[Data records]
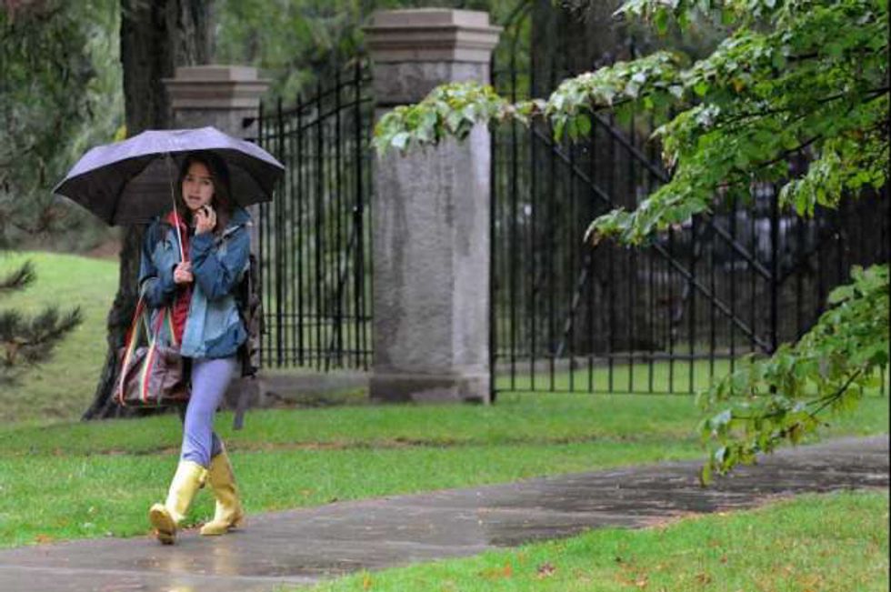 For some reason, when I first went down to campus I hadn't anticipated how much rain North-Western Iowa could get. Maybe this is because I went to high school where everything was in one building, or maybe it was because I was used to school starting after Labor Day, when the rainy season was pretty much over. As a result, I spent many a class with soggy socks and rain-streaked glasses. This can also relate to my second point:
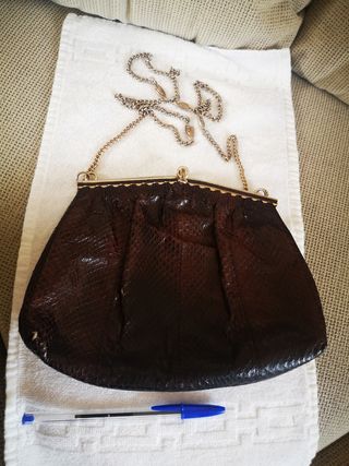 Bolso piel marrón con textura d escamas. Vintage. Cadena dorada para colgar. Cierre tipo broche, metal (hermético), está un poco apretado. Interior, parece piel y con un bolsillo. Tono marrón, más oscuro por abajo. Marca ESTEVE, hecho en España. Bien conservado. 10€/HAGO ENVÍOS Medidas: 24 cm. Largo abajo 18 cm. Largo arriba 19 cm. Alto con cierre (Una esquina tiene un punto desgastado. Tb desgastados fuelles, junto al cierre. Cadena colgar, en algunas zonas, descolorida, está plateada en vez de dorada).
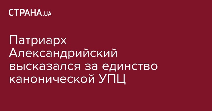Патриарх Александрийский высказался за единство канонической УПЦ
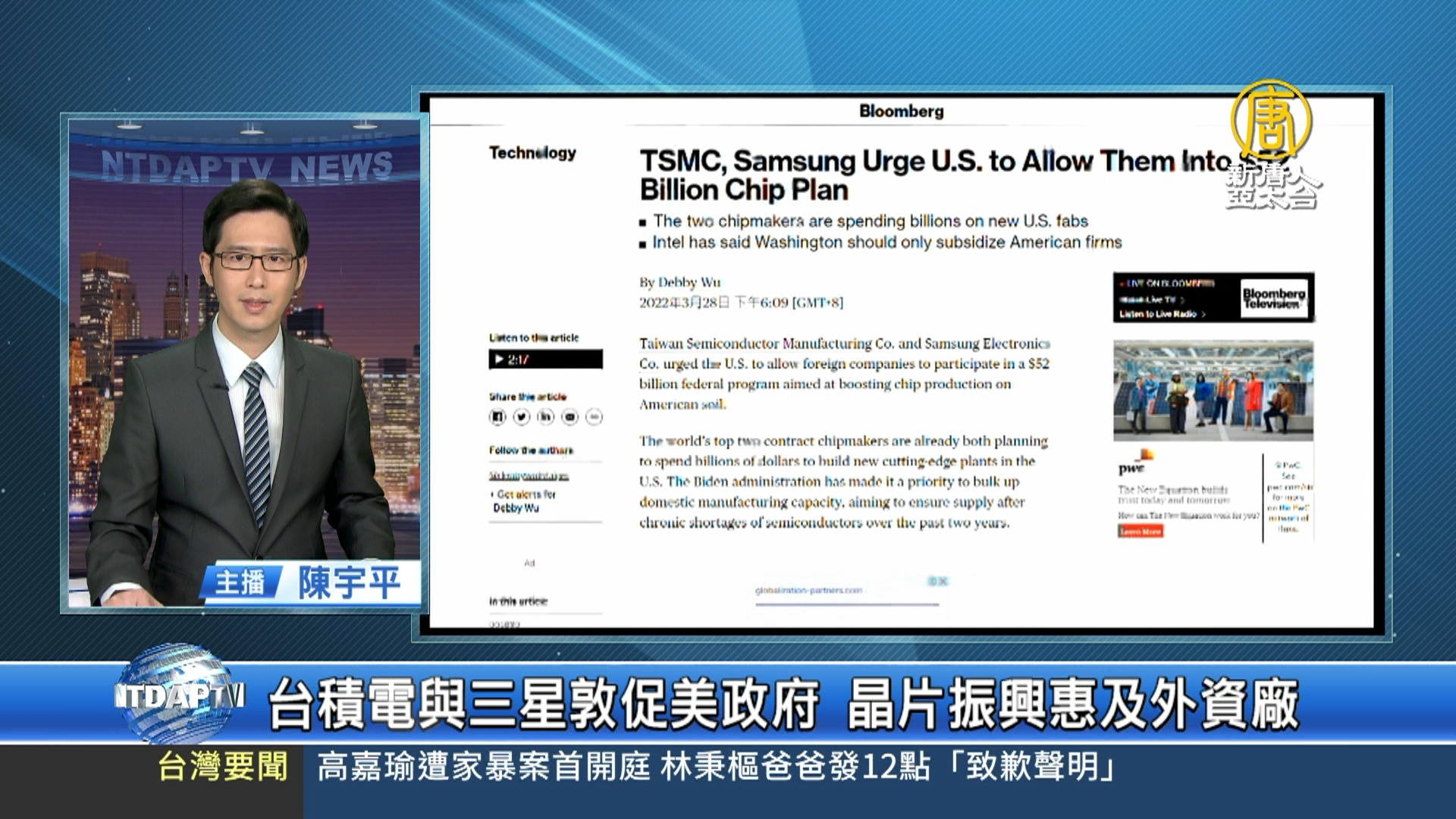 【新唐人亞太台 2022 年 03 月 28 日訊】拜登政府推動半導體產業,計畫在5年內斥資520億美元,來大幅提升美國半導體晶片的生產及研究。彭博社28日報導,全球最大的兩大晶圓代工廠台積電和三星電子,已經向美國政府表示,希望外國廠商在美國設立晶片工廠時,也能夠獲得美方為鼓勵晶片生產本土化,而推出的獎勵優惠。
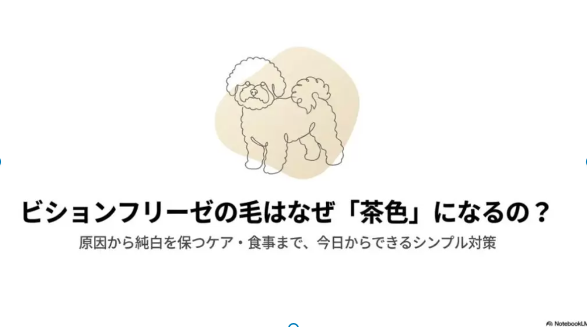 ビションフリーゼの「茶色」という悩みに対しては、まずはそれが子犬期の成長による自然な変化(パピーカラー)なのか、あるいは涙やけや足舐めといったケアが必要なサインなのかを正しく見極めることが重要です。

Task: What you set down should be exactly the lines from the line containing "Bolso piel marrón" to the last line of the entries above, both included, with no pictures.

Output of the exercise:
 Bolso piel marrón con textura d escamas. Vintage. Cadena dorada para colgar. Cierre tipo broche, metal (hermético), está un poco apretado. Interior, parece piel y con un bolsillo. Tono marrón, más oscuro por abajo. Marca ESTEVE, hecho en España. Bien conservado. 10€/HAGO ENVÍOS Medidas: 24 cm. Largo abajo 18 cm. Largo arriba 19 cm. Alto con cierre (Una esquina tiene un punto desgastado. Tb desgastados fuelles, junto al cierre. Cadena colgar, en algunas zonas, descolorida, está plateada en vez de dorada).
Патриарх Александрийский высказался за единство канонической УПЦ
 【新唐人亞太台 2022 年 03 月 28 日訊】拜登政府推動半導體產業,計畫在5年內斥資520億美元,來大幅提升美國半導體晶片的生產及研究。彭博社28日報導,全球最大的兩大晶圓代工廠台積電和三星電子,已經向美國政府表示,希望外國廠商在美國設立晶片工廠時,也能夠獲得美方為鼓勵晶片生產本土化,而推出的獎勵優惠。
 ビションフリーゼの「茶色」という悩みに対しては、まずはそれが子犬期の成長による自然な変化(パピーカラー)なのか、あるいは涙やけや足舐めといったケアが必要なサインなのかを正しく見極めることが重要です。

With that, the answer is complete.